Every mom probably knows the struggle (and expense) that can result from shopping with your child. It's easy for them to find something they want to buy no matter where you are. And it's all too easy to give in to stop the whining, but the costs of candy, toys, and other “I-gotta-have" items can add up quickly.
Sallie, a mom of two boys, has found that a debit card for kids has helped her manage kid requests and extra spending. When her boys were 10 and 13, Sallie gave each of them their own GoHenry debit card and started loading them with a weekly allowance. Soon, Charlie and Jacob were taking responsibility for their own purchases and stopped asking her to buy treats every time they went to the store.

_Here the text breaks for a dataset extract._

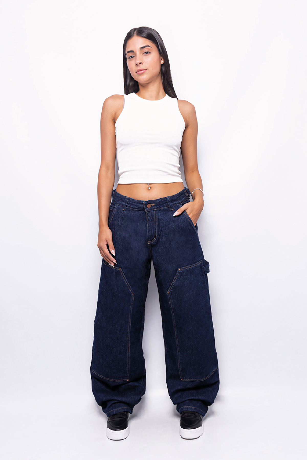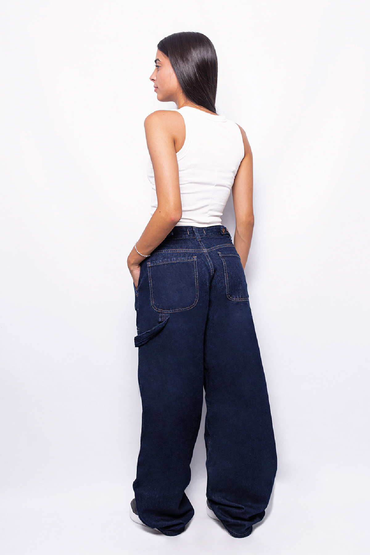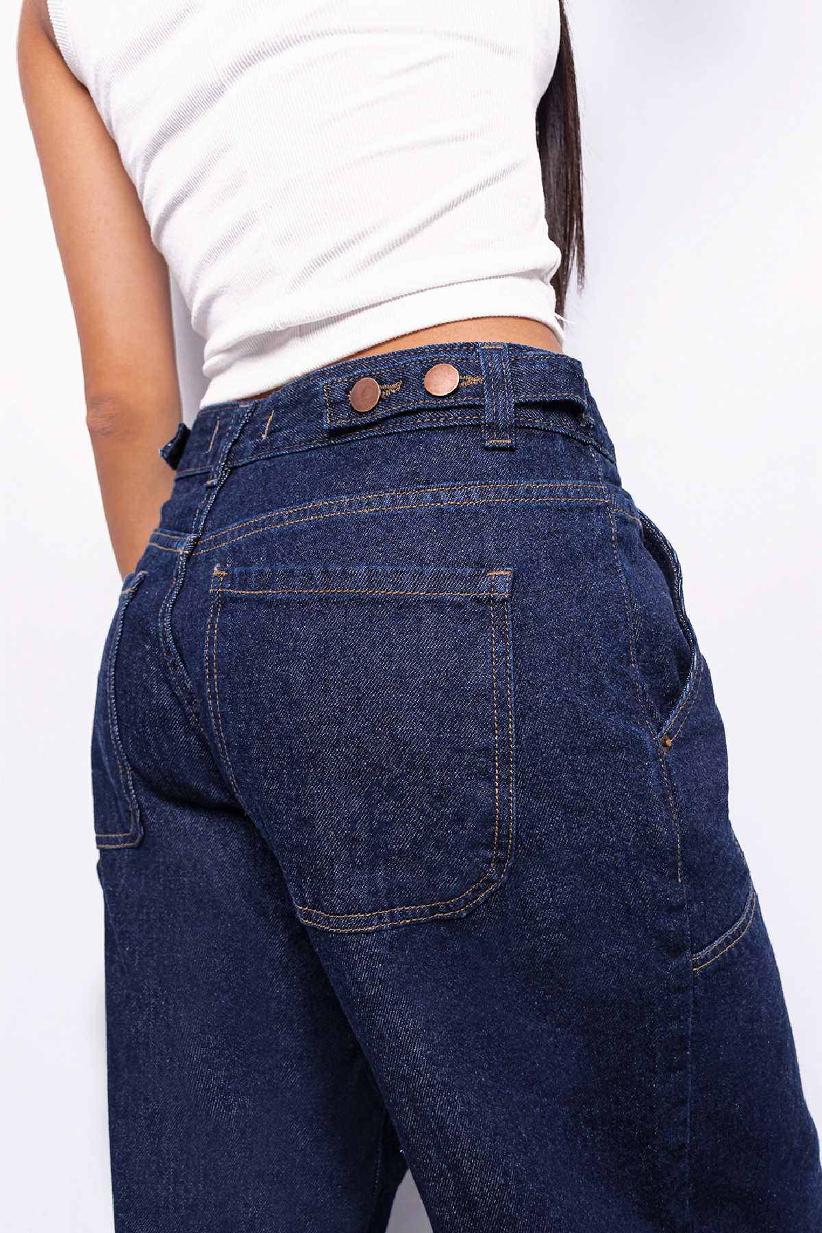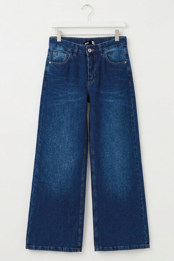 Pantalón baggy rígido azul suavizado con botones en la cintura, tiro medio.

Establishing an allowance that works for their family
Before they got their own debit cards, Charlie and Jacob—like most kids—bugged Sallie to buy things for them on a regular basis.
“I found that by giving them a regular allowance, it actually saved me money, and a tonne of annoyance," she explains. “If they wanted a snack or toy at the store, they started buying it themselves and stopped asking me to buy them stuff. If they didn't have any money, they didn't buy anything and didn't ask me for anything."
Some families require their children to complete chores in order to earn their allowance, but Sallie and her husband chose to give their boys a base allowance without any chore requirements, $7 for 10-year-old Jacob and $10 for 13-year-old Charlie.
“Once I decided to start giving them an allowance, we agreed they would get paid no matter what," Sallie explains. "They could earn more by doing more, but they would get the $7 and $10 just for breathing. In exchange, I would no longer buy them treats or toys when we were out shopping."
Financial empowerment leads to increased earnings (and savings)
Today, Charlie and Jacob are 16 and 13, and their skills for earning and managing money continue to expand. Since they began getting a weekly allowance via GoHenry, both boys have developed the discipline to save up for the items they want to purchase, and they've worked to earn additional funds to add to their allowance.
Since they were toddlers, Charlie and Jacob have helped their parents in the family business. Their father is a third-generation stone carver who works on cemetery monuments, civic memorials, architectural stone, and conservation and restoration of stone buildings and memorials. Starting at 3 years old, the boys would help their mother clean up materials after their father sandblasted stone. As they've grown, both boys have worked in the family business for pay.
In fact, for the past two summers, Charlie and Jacob have worked a regular workweek. “They make $10 an hour," Sallie says. “It has been fun to watch them develop as workers and become more and more useful."
With more ways for kids to make money, Sallie's sons have become great savers. For example, Charlie saved up $1400 for a computer and often saves up for dirt bike accessories. Jacob is usually saving for an Airsoft gun or video gaming system.
“Once Jacob puts money aside, he will not move it out of savings," she says. “He is currently saving for a computer. I kept having to up the spending limits on the card for him because he saves up for some pretty big purchases."
Earning money and having their own kids debit card has given Sallie's sons the freedom to manage their own money and develop valuable financial skills.